Weekend Argus (Saturday Edition)
TV show of lone diner sets off feeding frenzy
Japanese viewers can’t get enough
FORGET big and almost always disappointing parties, and that struggle to get home after midnight. In Japan, New Year’s Eve is all about watching TV at home with your family, a reward after you’ve done your end-of-year deep clean.
Usually, families gather to watch the Year-end Song Festival on NHK, the public broadcaster, where popular singers are divided into teams – red for women, white for men – and battle it out, with the winner announced just before midnight. Some watch the This Is no Task for Kids! variety show where comedians do stupid things and get punished for screwing up.
But this year a show that is for many “salarymen” pure escapism will take on the entertainment programmes. The Solitary Gourmet will broadcast its first New Year’s Eve special, in which the star, the character Goro Inogashira, will travel to Setouchi and eat. All by himself.
The Solitary Gourmet, now in its sixth season, is a uniquely Japanese kind of hit.
This is a country where men are supposed to get jobs in big companies and remain there for life, spending long days in the office and then long nights eating, drinking and sometimes singing karaoke with their superiors. If your boss asks his team to have dinner together, there is no saying “no”. These salarymen barely see their wives and children during the week.
That is why Inogashira has emerged as a role model for a swathe of society. He is middle-aged, but free from the round-the-clock obligations of corporate life. He is a selfemployed salesman of soft furnishings from Europe.
He doesn’t drink. He’s not obliged to socialise with colleagues. He’s unencumbered by a family.

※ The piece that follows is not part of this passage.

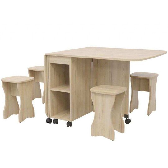 Стол книжка с табуретами 1-6701 идеальная модель для небольшой кухни. За такую компановку фабрике аплодисменты.  Никакого лишнего пространства. Всё максимально удобно. А раскладной стол, позволит собраться большой компании.

He just travels the country selling his wares. And when he gets hungry, he stops off at small, no-frills, family-run restaurants and relishes the local specialities.

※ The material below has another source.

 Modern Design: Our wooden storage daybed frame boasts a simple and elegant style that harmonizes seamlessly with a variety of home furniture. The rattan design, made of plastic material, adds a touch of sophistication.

“Salarymen are corporate slaves who work tirelessly for their companies and their families,” said Ushio Yoshida, a TV critic for the Tokyo Shimbun newspaper. “But Inogashira has escaped this slavery. That’s why he’s a hero to many people.”

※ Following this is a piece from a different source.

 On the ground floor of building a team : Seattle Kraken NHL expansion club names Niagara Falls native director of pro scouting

In food-mad Japan, the show has also helped take some of the stigma out of eating alone.
Inogashira is a fictional character, and the show is scripted – he thinks about what to eat, describes what he is eating and comments on what others are eating – but the restaurants he visits are real.
The show is made up of lots of long, lingering footage of the menus and the meals. Inogashira sits there, by himself, and savours the food. He’s not looking at his phone; he’s not reading a book – he’s enjoying every mouthful. He never Instagrams his meals.
He’s not self-conscious about being alone in rowdy bars or restaurants. He even enjoys desserts – something associated with being a sissy.
On New Year’s Eve, Inogashira takes his last trip of the year to the Setouchi area, between Hiroshima and Osaka.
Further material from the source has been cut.